I just posted a thread about my son catching his 1st channel. Now I get to brag about my wife. I'll save the longer version, so the short version is this:

Last night was the 1st time we'd been night fishing together & the 1st time we've fished for flats. My wife landed decent flat. The pic is horrible, but she was VERY scared of this thing. All & all not a bad night I guess.


----------



## Lewis (Apr 5, 2004)

Nice Cats...looks like a good night.


----------



## crawdiddy (Apr 10, 2006)

that's a GREAT night!!! congrats!


----------



## trophycats (May 28, 2006)

Looks like you guys had a good night. Nice fish! Where those the only 2 caught ?


----------



## H2O Mellon (Apr 5, 2004)

We caught two, but those are the same ones in the pic. My wife would only hold it for a split second. I ahd to hold it the rest of the time. Shes a good sport heh, she let me get in on the pics. 
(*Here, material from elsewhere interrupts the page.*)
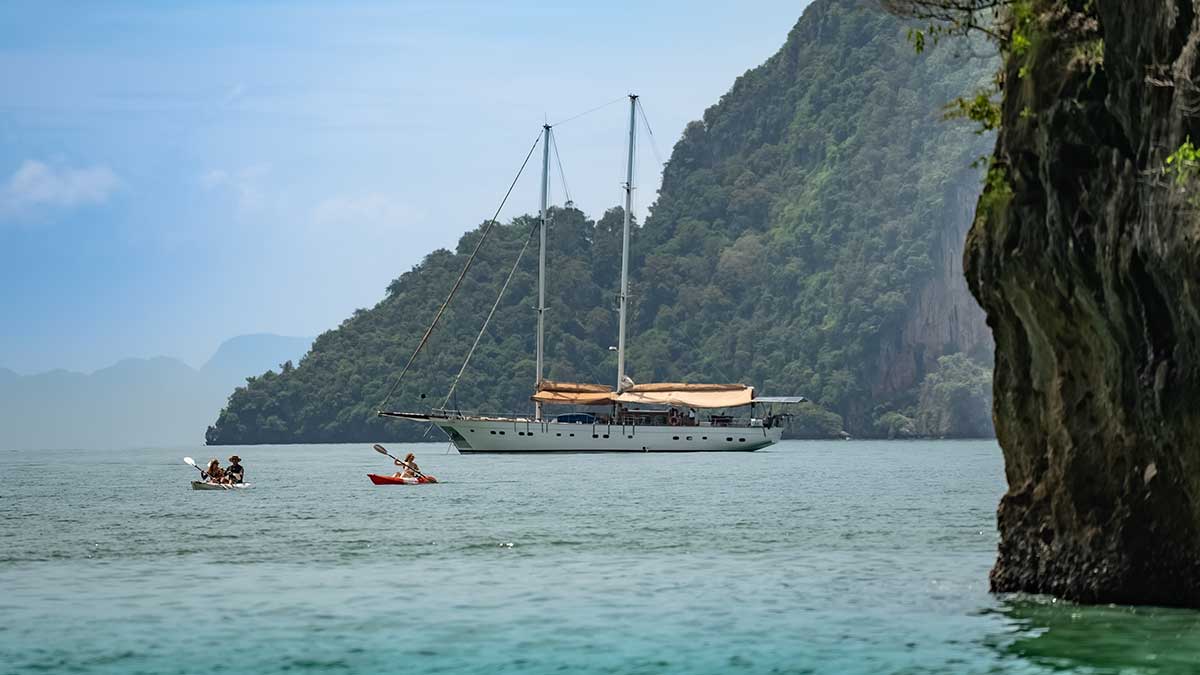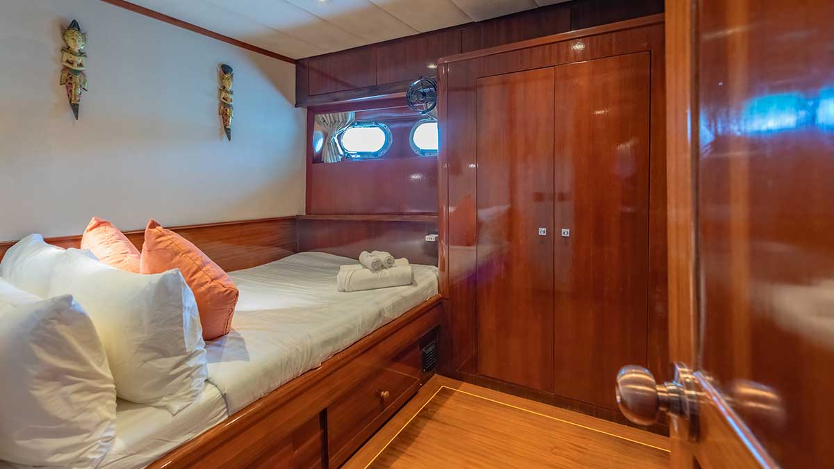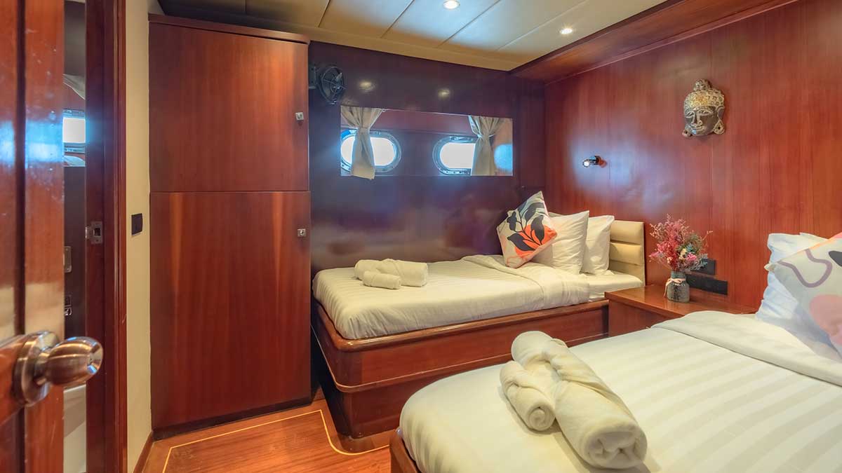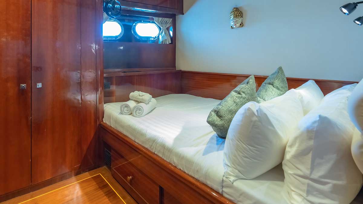 Ideal for both day charters and extended cruises, this yacht offers a perfect balance of size, luxury, and value. With three comfortable cabins, Born Free 90ft is well-suited for longer voyages, making it an exceptional choice for exploring Phuket’s stunning seascape.

The other was est 20# or just under that, prob was smaller once I try to think about it. It's on a 35 mm camera, hope to have the pics back soon.


----------



## misfit (Apr 5, 2004)

congrats to the wife on a first and nice fish.
and too the son also,on his first.he sure didn't look like he was too thrilled about it    
has the smile left his face yet?


----------



## katfish (Apr 7, 2004)

Brain

Now every time she goes you had better produce at least a 20 lb flathead  

Congratulations. Looks like everyone enjoyed themselves.


----------



## H2O Mellon (Apr 5, 2004)

That was as happy as I've ever been landing someone else's fish!


----------



## awfootball (Aug 10, 2005)

where did u catch those?


----------



## H2O Mellon (Apr 5, 2004)

Great Miami River (pics are same fish) other pic was taken on a 35mm.


----------



## truck (Apr 12, 2004)

Congrats to the wife Brian.Nice fish,now I think it might be my turn for some LOL I wish


----------



## monsterseeker06 (Aug 21, 2006)

dang,thats a nice catch,where do you keep catching all these big ones?


----------



## rockbass (Apr 16, 2004)

way to go to the wife! :B


----------



## flintlock (May 30, 2006)

Congrats on getting your wife out there and catching those 2 flatheads, very nice!


----------



## WISH IT WAS YOU (Jul 25, 2006)

good job hope she is hooked now


----------



## KATKING (Jun 10, 2006)

Nice Fish .....Congrats to the wife


----------



## HRCats (Oct 3, 2005)

Bryan, Congrats to your wife!! My wife and i are going to float the Scioto from Circleville to Chilicothee today and spend the night halfway down. I'm hoping mine can hook into one like that!! Her biggest flattie is 5 lbs, one like that might make her want to go more.


----------